The portrait project he started in prison in 2014 – Pyrrhic Defeat: A Visual Study of Mass Incarceration – now numbers over 800 faces. For viewers, this overwhelming visual effect of 800 individual portraits undermines the legal and social stigmas imposed on imprisoned individuals. For subjects, each portrait reflects the selfhood and agency denied to them by the incapacitation of the American prison system. Ultimately, Pyrrhic Defeat gives voice to the stories, personal histories, and identities impacted by over-policing and confinement in this era of mass incarceration.

Ojore Lutalo
Ojore Lutalo
Ojore Lutalo was released from Trenton State Penitentiary in 2009 after serving 28 years—22 of those years in solitary confinement because of his political beliefs and activism. In order to keep his sanity during his imprisonment, he abided by a strict regimen of physical exercise, meditation, and study. Over the years, he began creating collages as a way to maintain his sanity and to convey the physical and emotional reality he experienced in solitary confinement. While in isolation, Lutalo created a wide range of political art documenting his experience and the plight of other radical imprisoned activists, as well as techniques of psychological and physical torture used in solitary confinement units
Ronald McKeithen
Ronald McKeithen
Ronald McKeithen is a formerly incarcerated artist, advocate, and writer. He spent 37 years in Alabama’s prisons under the Habitual Felony Offender Act based on a robbery conviction at the age of 20. He used his time in prison to increase his education, become a barber, mentor others, and create meaningful connections with professors, journalists, and volunteers in the prisons. Ron was freed in December 2020 after being represented by Alabama Appleseed. He lives in Birmingham, where he works both at Appleseed and a drug treatment center.
George Anthony Morton
George Anthony Morton
George Anthony Morton creates deeply personal work that embodies the constant interplay between opposites. He is the product of the “war on drugs” that deeply scarred the African American community. For his first offense, Morton was incarcerated from the age of 19 to 29 for a simple possession. During this dark time, Morton found his inner light and passionately developed his artistic ability. Upon release, he enrolled in the Florence Academy of Art, becoming the first African American to graduate. He was released early from parole, granting him access to study abroad and have his story documented in The New York Times. After graduating, Morton returned to Atlanta and opened Atelier South, which recently made front page of USA Today.
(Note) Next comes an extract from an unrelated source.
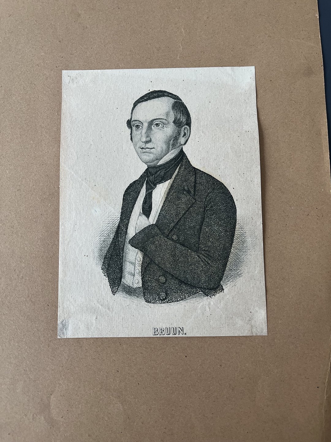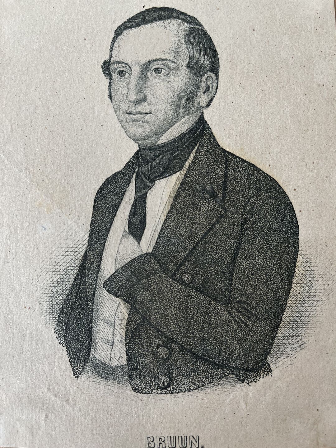 Træsnit af Henrik Olrik - Portræt af Landstingsmand Peter Daniel Bruun.
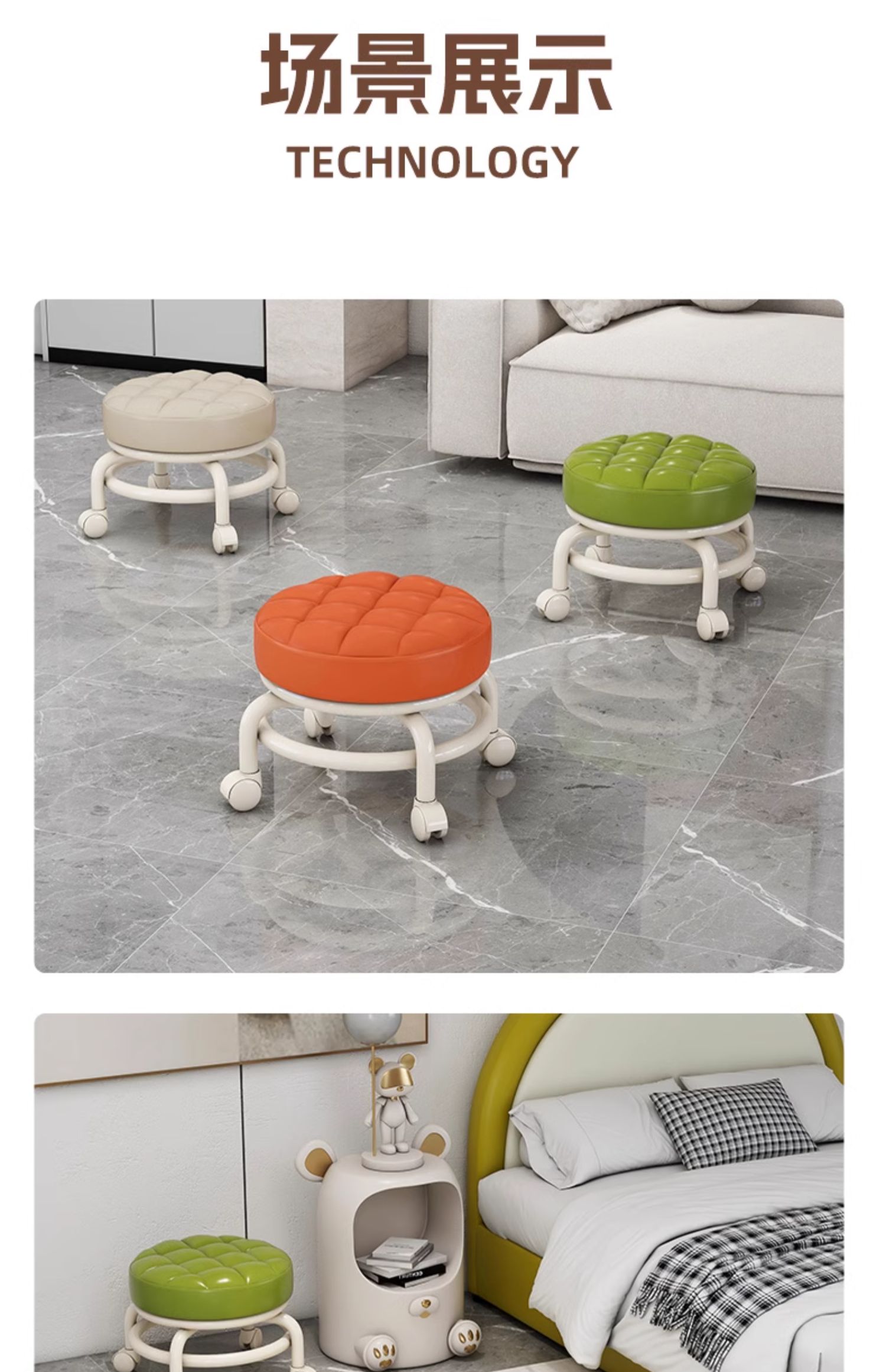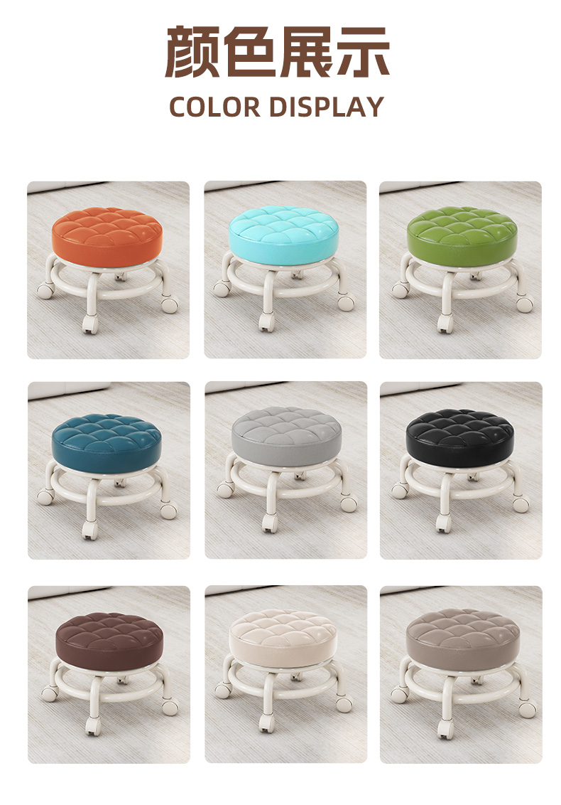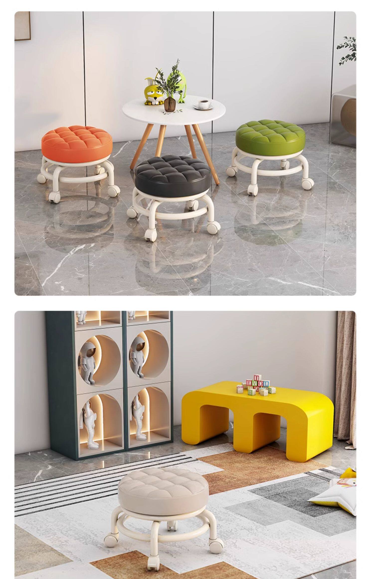 Поворотный маленький табурет на бесшумных роликах, низкий табурет для уборки пола, ремонта швов, педикюра, круглый табурет со спинкой, маленький стул, передвижная скамейка.

Currently, he is working on a body of work that explores his earliest childhood experiences to his release from prison. These works are the impetus of his documentary that is currently in production
Lisette Oblitas
Lisette Oblitas
Lisette Oblitas works at the Society of Fellows and the Heyman Center for the Humanities at Columbia University, where she collaborates with the Center for Justice and the Justice-In-Education Initiative to provide higher educational opportunities for presently and formerly incarcerated people. Oblitas, a native of Peru, became a Columbia University Justice-In-Education scholar in 2016. As a visual artist, Oblitas, along with 14 other women, created Shared Dining, a collaborative art piece inspired by Judy Chicago’s The Dinner Party (1979). Shared Dining was exhibited at the Brooklyn Museum, the American Visionary Art Museum, and the Maier Museum of Art. Oblitas has participated in numerous programs and exhibitions on art and incarceration.
Ndume Olatushani
Ndume Olatushani
In December 1985 Ndume Olatushani was wrongly convicted for a murder committed in a state he had never visited. He spent the next twenty-eight years in maximum security prisons, twenty of those years were spent on death row. Two years into his imprisonment Ndume’s mother and eight year old niece were killed in a car accident. This was when he began to draw and taught himself to paint. Art allowed him to exist in a state of harmony and tranquility, in spite of being physically, wrongfully locked up. Ndume said, “I found freedom living in a 4×9 foot cell twenty-three hours of the day in the shadow of death.”
Ndume also became an avid reader while in imprisoned. He completed his GED while on death row, took some college courses, became a certified paralegal, and eventually worked as a law clerk in the prison law library helping others with their legal problems.
Jesse Osmun
Jesse Osmun
Jesse Osmun grew up in Vermont and developed an interest in making art in childhood, taking summer classes, and then photography and painting classes in college. Upon arriving in prison at The Federal Correctional Institution, Fort Dix, Osmun took a drawing class and was encouraged by Treacy Ziegler and others. In prison, he discovered his love of drawing and experimented with gouache, watercolor, pastels, colored pencils, and other media to express his rage, love, pain, sadness, spirituality, hope, and chaos within the dehumanizing confines of prison. Work as a missionary in Kenya and in the Peace Corps in South Africa influences what he creates. His artwork has been exhibited at Cornell, in Denver, and at Atlantic Cape Community College.
Jared Owens
Jared Owens
Jared Owens is an multidisciplinary artist whose practice focuses on bringing awareness to the plight of nearly 2.5 million people enmeshed in the American carceral state. He is self taught during more than 18 years of incarceration, working in painting, sculpture, and installation, using materials and references culled from penal matter.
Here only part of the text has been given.